How do we fix our energy problems? Ask a liberal and he says use food as an energy source, wind, and solar. Ask a conservative and he says drill!
In just these two areas alone, which does anyone think will work? The liberal solutions have consistently been failures….so they embrace these failures of their own creation because they have no real solutions. The conservative solutions actually have been successful so the liberals hate it. They hate it because it doesn’t create a society enslaved by bureaucracy.
They must be insane.
Excellent, thoughtful post.
In addition to our enormous fiscal problems is that our infrastructure is a wreck. Our industry is non-existent or non-competitive for whole sectors. What remains of our economy is based on cheap oil. We are far less competitive and far more vulnerable than we were in the 1930s. Only smoke and mirrors will save our economy from catastrophic implosion.
@Unknown: The US has a strong agricultural sector and can hold its own with pharmaceuticals, high tech innovation, etc. We have, however, lost many manufacturing firms. It is hard to compete with low wages paid to Asian workers, etc. Auto manufacturers in right to work Southern states (foreign owned) are doing well, too.
Excellent post. I agree Alan that the USA still has some aces in the hole as we have abundant fresh water and a strong agriculture. We still have abundant resources but will we use them? We still have some competitve areas as you mentioned but gradually we are losing out in almost every area for manufacturing. I was struck by the fact, while at recent Bizmart, that almost all the pens were made abroad -even the Sanford pens and even the Cross pens and their refill cartridges. Some pencils were still made in the USA but ceding the entire market of pens cannot be good for the nation or its employment.
Alan, I greatly fear that all hope is gone.
There are a large number of financial holding companies, including retirement funds, which have by-laws which prevent said companies from holding securities with less than an AAA rating. Matter of fact. AA+ simply isn't allowed.
So then, how can those companies divest themselves of securities with a not-allowed AA+ rating, and replace said securities with AAA rated securities?
Alan, the projection of the amount of agricultural production is a well-before planting time report (required by federal law)of the intention of what the farmers intend to plant, and how many acres of each crop planned to be planted.
I saw a very recent report on an agricultural channel of how existing crops are doing. Dated about Jul 25th.
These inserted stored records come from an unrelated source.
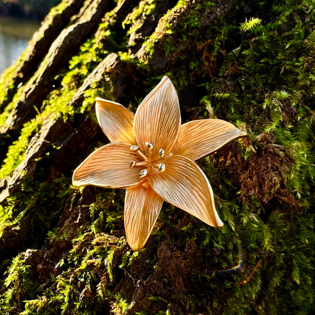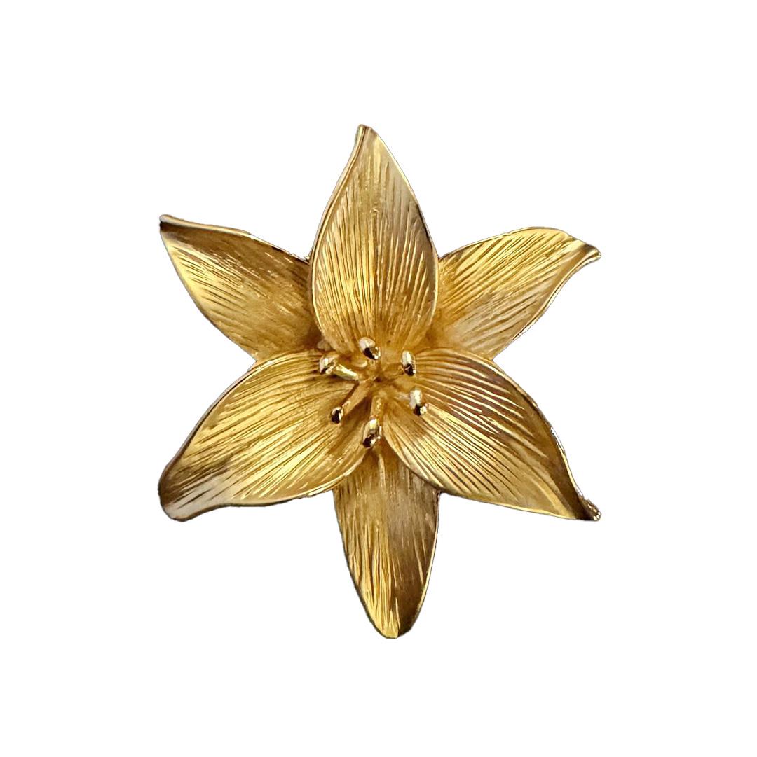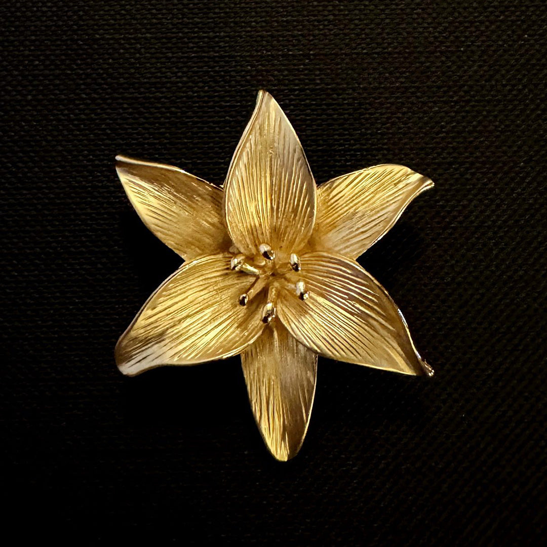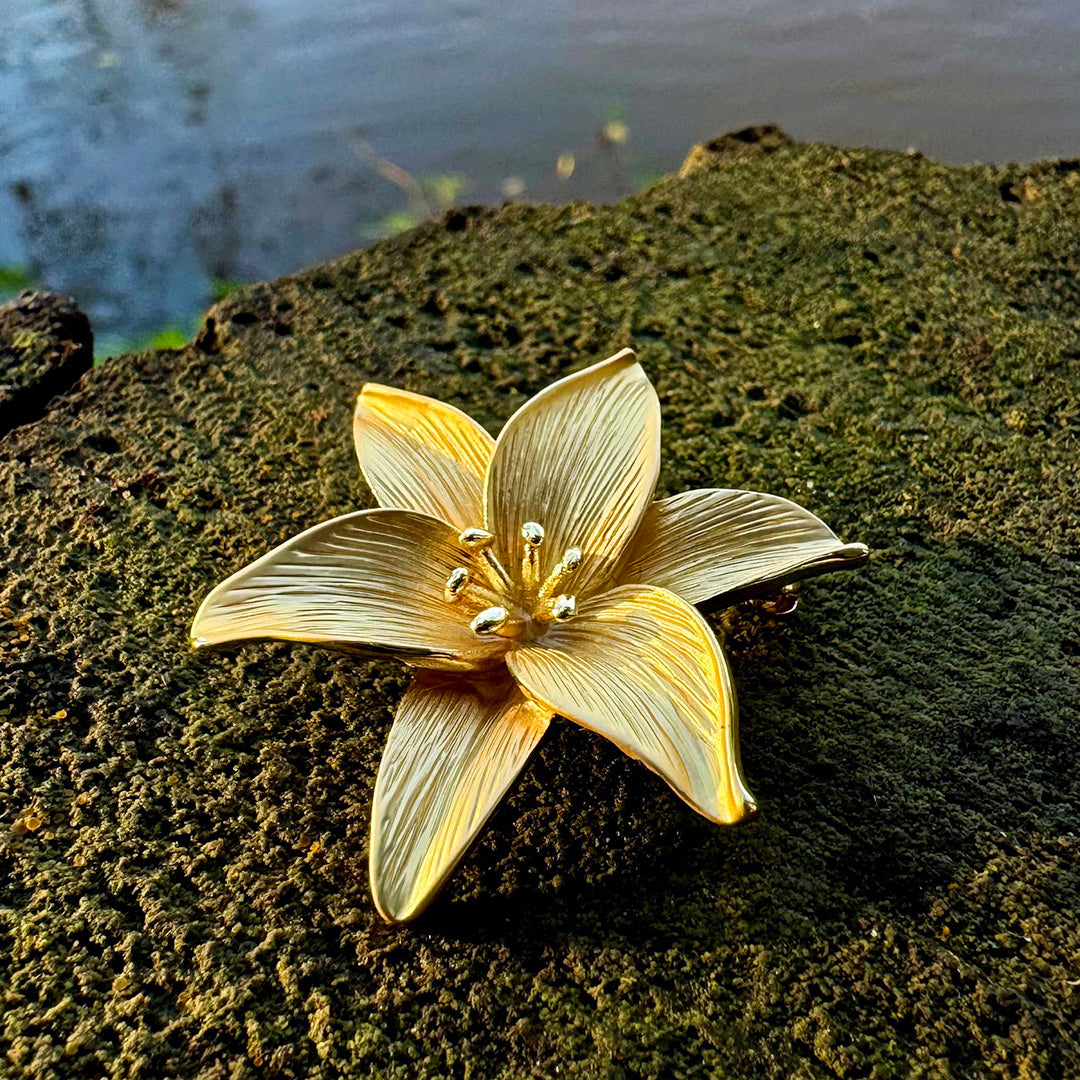 Lily Gold Flower Brooch, 14k Gold Plated. This beautiful Gold Lily flower brooch adds a touch of elegance to any outfit or makes a fabulous gift.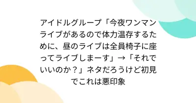アイドルグループ「今夜ワンマンライブがあるので体力温存するために、昼のライブは全員椅子に座ってライブしまーす」→「それでいいのか?」ネタだろうけど初見でこれは悪印象
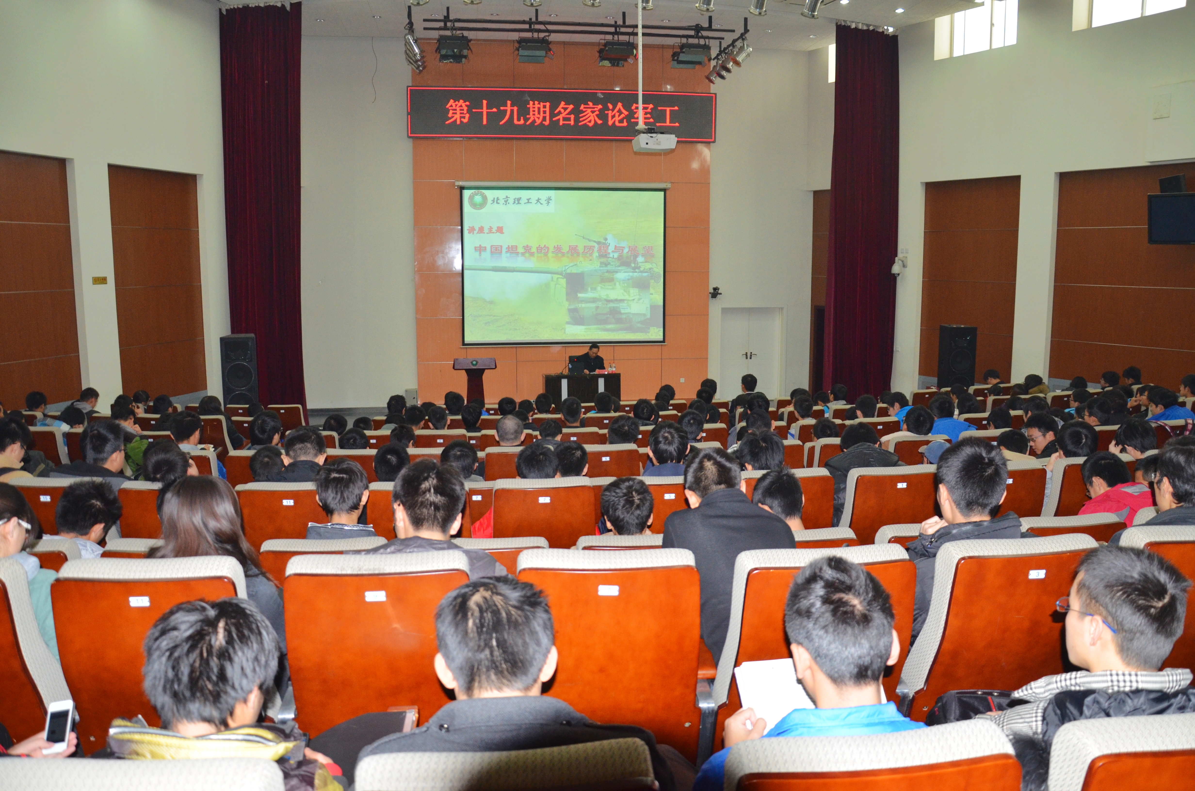2012年11月27日14时,由基础教育学院主办,机械与运载学部承办的第十九期“名家论军工”讲座在我校良乡校区综合教学楼报告厅举行。前中国人民解放军装甲兵某研究所所长杨作成大校应邀担任本期讲座的嘉宾,发表主题为“坦克的发展历程和展望”的军工知识演讲。基础教育学院党委副书记、副院长丛磊老师出席讲座,三百余名学生到场参加本次讲座。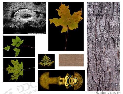 1:在制作此副图像之前,先准备了一些树叶和纹理的素材图片,当然有些也许最后用不上的。(如图1)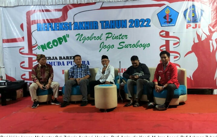 Transnusi.com Surabaya — Sebagai bentuk refleksi akhir tahun 2022, PJI (Persatuan Jurnalis Indonesia) dan Pemuda Pusura kerja bareng mewujudkan acara “Ngopi” (Ngobrol Pinter) dengan tema “Jogo Suroboyo” di halaman PUSURA Jl. Yos Sudarso No 9 Surabaya, Jum’at 30/12/2022. Acara dimoderatori Zakaria Anshori, SH, MH, MKn./Cak Zakaria.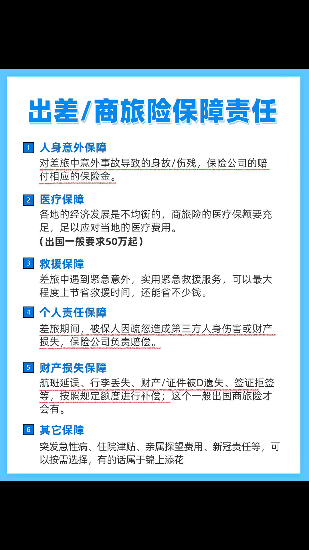 ·个人责任保障:差旅期间被保人因疏忽造成第三方人身伤害或财产损失,保险公司负责赔偿。航班延误、行李丢失、财产/证件被D遗失、签证拒签等,按照规定额度进行补偿;这个一般出国商旅险才会有。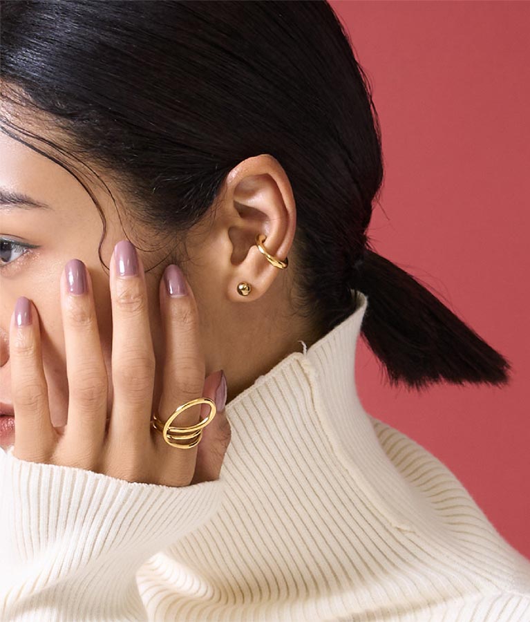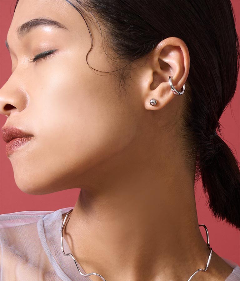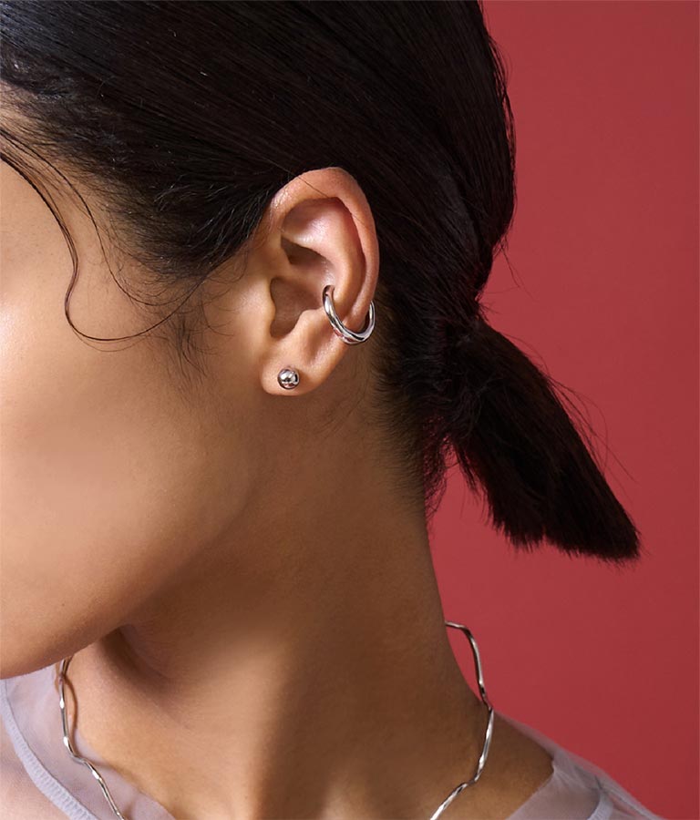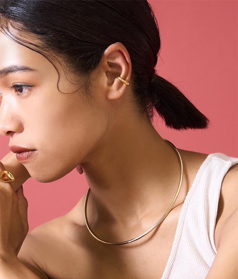 シンプルながらも飽きの来ない形状のイヤーカフ。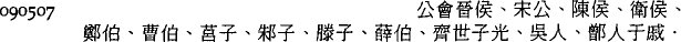 55. A very limited number of exceptional entries appear in which noblemen are referred to by official position rather than by the regular form. Examples appear in Chéng 8 (060809 and 060810) and Chéng 15 (061502), all in reference to noblemen from Söng. This form is not regularly employed and hence does not constitute a separate style of reference; these are simply unusual, formally irregular records.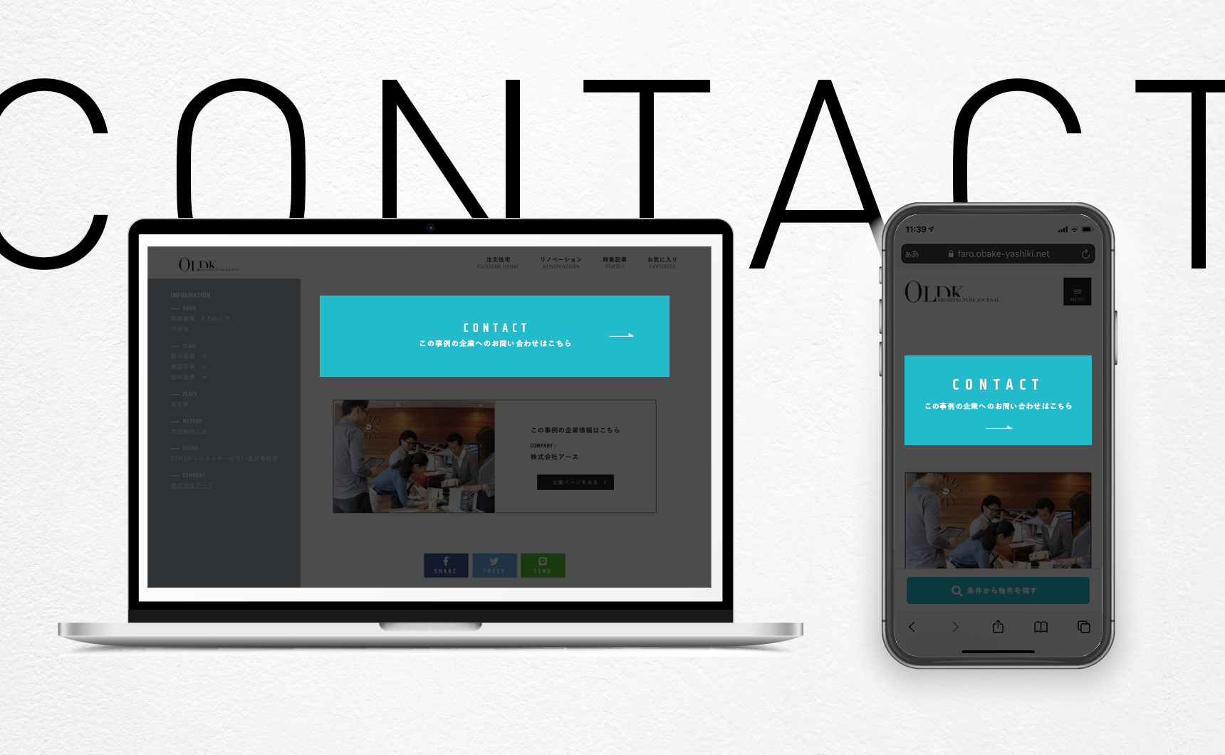 また事例の読み終わりでは、設計施工を行った企業へのお問い合わせボタンがあります。資料請求やご相談・訪問などのやりとりを直接行うことが出来ます。

Having been a farm lad myself, the adage was that corn had to be "Knee high on the 4th of July". The corn plants that were shown were far, far lower than that in size.
I would have to think that those projections by farmers in the fertile Mississippi Valley were before tens of thousands of square miles of fertile farm land were well underwater.
Both corn and soya beans are well behind usual schedules for size. This bodes not well for the autumn harvest this year in this nation.